* [WHAT YOU WILL DO]: Within the material below, transcribe exactly the lines from the one holding "інформують у медустанові." through the one holding "Heel even maakte", keeping both ends and skipping the rest.

[SOURCE DATA Boundary: Start]

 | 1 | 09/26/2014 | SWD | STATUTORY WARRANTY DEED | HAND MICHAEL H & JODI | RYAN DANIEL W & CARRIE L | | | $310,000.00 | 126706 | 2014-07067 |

[SOURCE DATA Boundary: End]
[SOURCE DATA Boundary: Start]

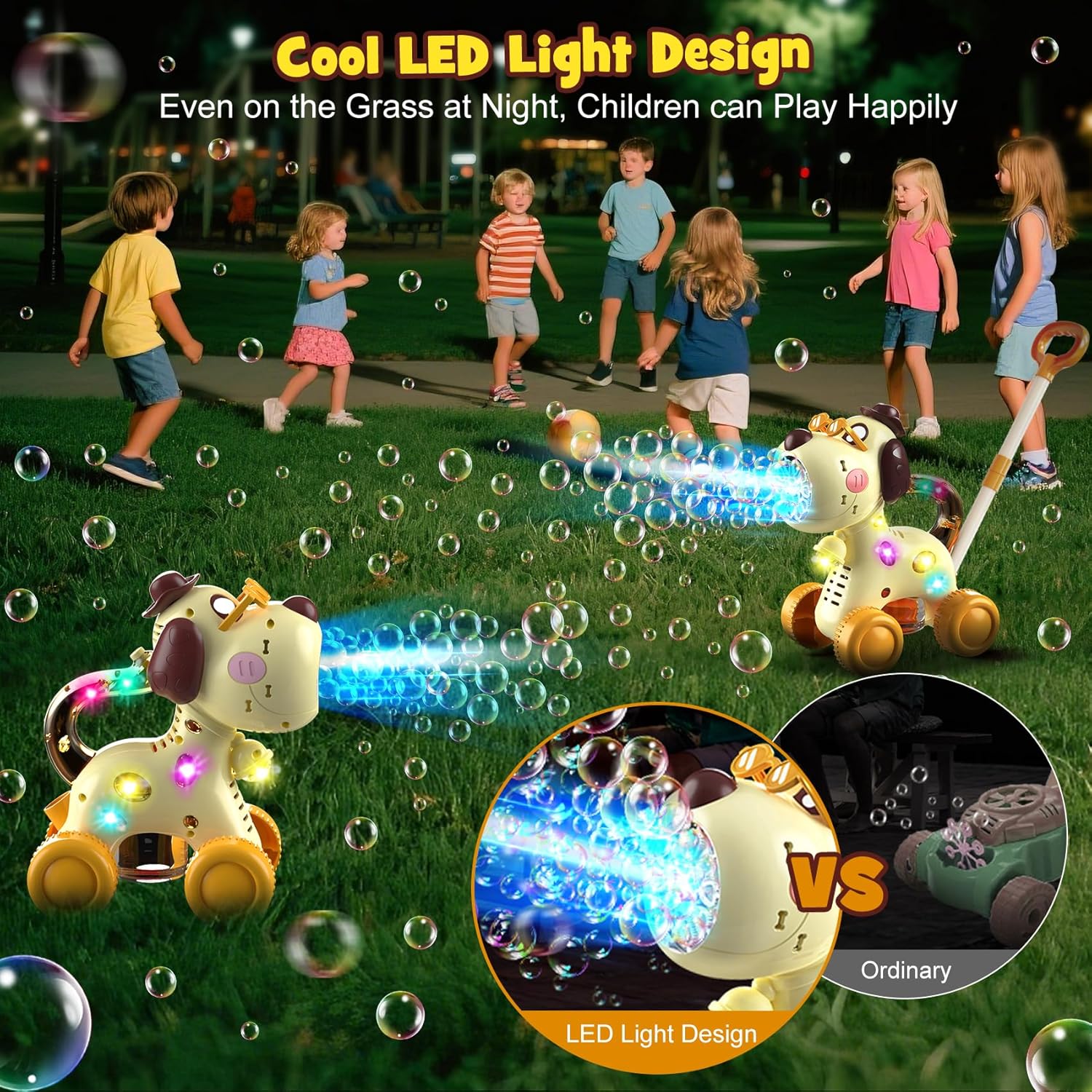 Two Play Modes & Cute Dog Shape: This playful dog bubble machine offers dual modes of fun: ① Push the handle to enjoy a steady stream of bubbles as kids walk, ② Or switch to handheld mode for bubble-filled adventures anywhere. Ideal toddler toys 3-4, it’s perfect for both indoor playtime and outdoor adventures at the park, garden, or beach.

[SOURCE DATA Boundary: End]
[SOURCE DATA Boundary: Start]

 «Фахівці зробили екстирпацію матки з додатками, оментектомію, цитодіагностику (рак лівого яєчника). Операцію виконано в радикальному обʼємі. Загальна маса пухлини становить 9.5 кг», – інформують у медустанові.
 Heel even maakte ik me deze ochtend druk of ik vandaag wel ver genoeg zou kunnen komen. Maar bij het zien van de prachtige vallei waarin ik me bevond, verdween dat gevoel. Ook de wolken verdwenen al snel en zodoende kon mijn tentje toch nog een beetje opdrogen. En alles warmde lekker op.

[SOURCE DATA Boundary: End]

* [RESULT OF THE EXERCISE]:
 «Фахівці зробили екстирпацію матки з додатками, оментектомію, цитодіагностику (рак лівого яєчника). Операцію виконано в радикальному обʼємі. Загальна маса пухлини становить 9.5 кг», – інформують у медустанові.
 Heel even maakte ik me deze ochtend druk of ik vandaag wel ver genoeg zou kunnen komen. Maar bij het zien van de prachtige vallei waarin ik me bevond, verdween dat gevoel. Ook de wolken verdwenen al snel en zodoende kon mijn tentje toch nog een beetje opdrogen. En alles warmde lekker op.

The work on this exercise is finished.